To solve the problem regarding the kinetic energy of a particle executing simple harmonic motion (SHM) with a frequency \( v \), we can follow these steps: ### Step 1: Understand the Kinetic Energy Formula The kinetic energy (KE) of a particle is given by the formula: \[ KE = \frac{1}{2} mv^2 \] where \( m \) is the mass of the particle and \( v \) is its velocity. ### Step 2: Define the Motion of the Particle For a particle in SHM, the displacement \( x \) can be expressed as: \[ x = a \sin(\omega t) \] where \( a \) is the amplitude of the motion and \( \omega \) is the angular frequency. ### Step 3: Find the Velocity The velocity \( v \) of the particle is the time derivative of displacement: \[ v = \frac{dx}{dt} = \frac{d}{dt}(a \sin(\omega t)) = a \omega \cos(\omega t) \] ### Step 4: Substitute Velocity into the Kinetic Energy Formula Now, substituting the expression for velocity into the kinetic energy formula: \[ KE = \frac{1}{2} m (a \omega \cos(\omega t))^2 \] \[ KE = \frac{1}{2} m a^2 \omega^2 \cos^2(\omega t) \] ### Step 5: Analyze the Periodicity of the Kinetic Energy The term \( \cos^2(\omega t) \) has a period of \( \frac{T}{2} \), where \( T \) is the period of the motion.
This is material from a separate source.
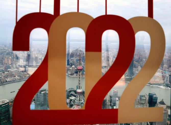 2022年1月1日,上海環(huán)球金融中心100層觀光廳的“2022”新年裝飾與陸家嘴的樓群相映襯。新華社記者 劉穎 攝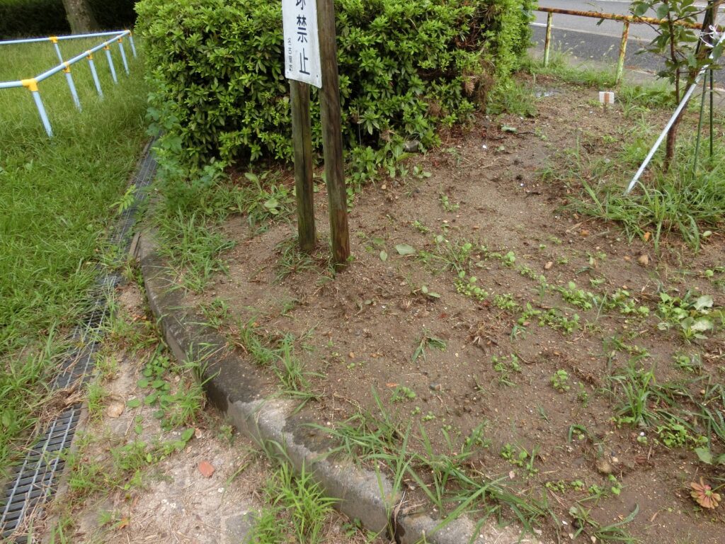 少し前に、公園の南側の入り口近くで雑草が茂っていたところを、土を掘り返して花菜の種を蒔きました。

The period \( T \) is related to the angular frequency by: \[ T = \frac{2\pi}{\omega} \] Thus, the period of \( \cos^2(\omega t) \) is: \[ T_{\cos^2} = \frac{T}{2} = \frac{\pi}{\omega} \] ### Step 6: Relate Period to Frequency Since frequency \( f \) is the reciprocal of the period, we have: \[ f = \frac{1}{T} \] If the period of the kinetic energy is \( \frac{T}{2} \), then the frequency of the kinetic energy will be: \[ f_{KE} = \frac{1}{T/2} = 2f \] Given that the original frequency is \( v \), the frequency of the kinetic energy will be \( 2v \). ### Conclusion Therefore, the kinetic energy of the particle changes periodically with the frequency of \( 2v \). ### Final Answer The correct option is that the kinetic energy changes periodically with the frequency of \( 2v \). ---